Open MPI logo

Open MPI User's Mailing List Archives

  |   Home   |   Support   |   FAQ   |   all Open MPI User's mailing list

Subject: Re: [OMPI users] how to set up the cluster of 5 nodes in openmpi
From: Gus Correa (gus_at_[hidden])
Date: 2009-09-30 11:31:28


Hi Ankur Pachauri

Besides what Jody already said.

1) Do these machines have Internet IP addresses
and, say, corresponding Ethernet interfaces that
you want to use for MPI?

2) Or are you planning to establish a private network
only for using OpenMPI?

I would suggest using #2.

Typically this can be done if you don't care about having
Internet connections on each machine, and will dedicate
"the" single Ethernet port on each machine to MPI,
or if you have two or more Ethernet ports on each machine,
so that you can use one of them only for MPI.
Many current motherboards come with two onboard Gigabit
Ethernet ports.
Check what you have.

On either case you need an Ethernet switch to connect the machines.
(Don't use an Ethernet hub, or the performance will be very poor.)

If you don't care much about high performance,
or if your budget is tight,
a cheap SOHO (unmanaged) type Ethernet switch will do.
I have a test/toy cluster here built with these switches
and it works fine, although it will never make it to Top500,
of course.
There are even 5-port and 8-port switches of this kind.

If you care about high performance you need a better switch.
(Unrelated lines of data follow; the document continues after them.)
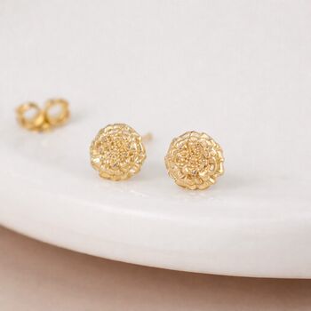 Gold Plated Sterling Silver Marigold Flower Stud Earrings – 7mm
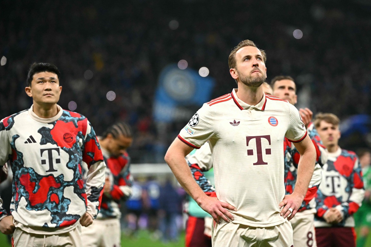 Bayern Munich's South Korean defender #03 Kim Min-Jae (L) and Bayern Munich's English forward #09 Harry Kane react at the end of the UEFA Champions League quarter final second leg football match between Inter Milan and Bayern Munich at the San Siro stadium in Milan on April 16, 2025. (Photo by Alberto PIZZOLI / AFP)
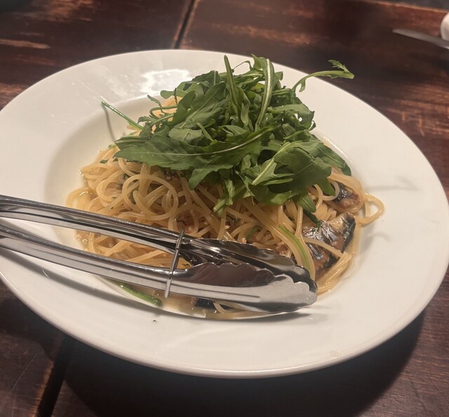 パスタはルッコラと秋刀魚という珍しい組み合わせのペペロンチーノで、季節を感じられる味わいでした!
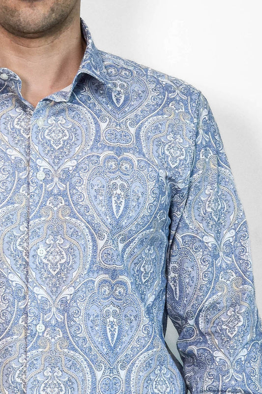 Damask Pattern Blue Slim Fit Shirt
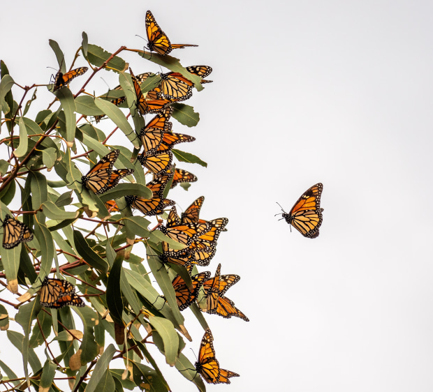 A butterfly makes a last minute flight to be with companions on a tree

You need to connect the "MPI" ports to the switch,
using Cat5e or Cat6 Ethernet cables.
For an unmanaged switch that is basically it.

***

You need to configure a private network (typically with
IP addresses like 192.168.1.1, 192.168.1.2, ...
192.168.1.5.
On Fedora this is done by editing a configuration file
called /etc/sysconfig/network-scripts/ifcfg-ethX (where X is
0 or 1, depending on the port you are using for MPI).
Check the RedHat user's guide for details (Fedora is very similar).

Here is one example:

$ cat /etc/sysconfig/network-scripts/ifcfg-eth1
# name of your Ethernet controller
DEVICE=eth1
TYPE=Ethernet
ONBOOT=yes
BOOTPROTO=none
NETWORK=192.168.1.0
NETMASK=255.255.255.0
IPADDR=192.168.1.1
HWADDR=ab:cd:ef:12:34:56

The items that vary on each node are the IPADDR (IP address)
and the HWADDRR (the MAC address of your Ethernet port dedicated
to MPI).

You need to create or extend a /etc/hosts file on *every* node,
with the name and IP address of all other nodes.
For instance:

$ cat /etc/hosts

... stuff that was already there (don't remove the loopback address!)

node01-mpi 192.168.1.1
node02-mpi 192.168.1.2
...
node05-mpi 192.168.1.5

***

NOTE: You need to use the *same* names above (actually associated to
the Ethernet port on the node, not only to the node itself)
in your OpenMPI nodes file (or use the same names in the
mpiexec command line).

***

Reboot the machines and check if the private subnet is working.
Use ping across all pairs of machines.
For instance, login to node01 and
do:

ping -I eth1 -R node02-mpi

The output should tell you if the "MPI" IP addresses
(and Ethernet ports) are being used.

Repeat the procedure on all pairs of nodes ( 4! = 24 pairs for you).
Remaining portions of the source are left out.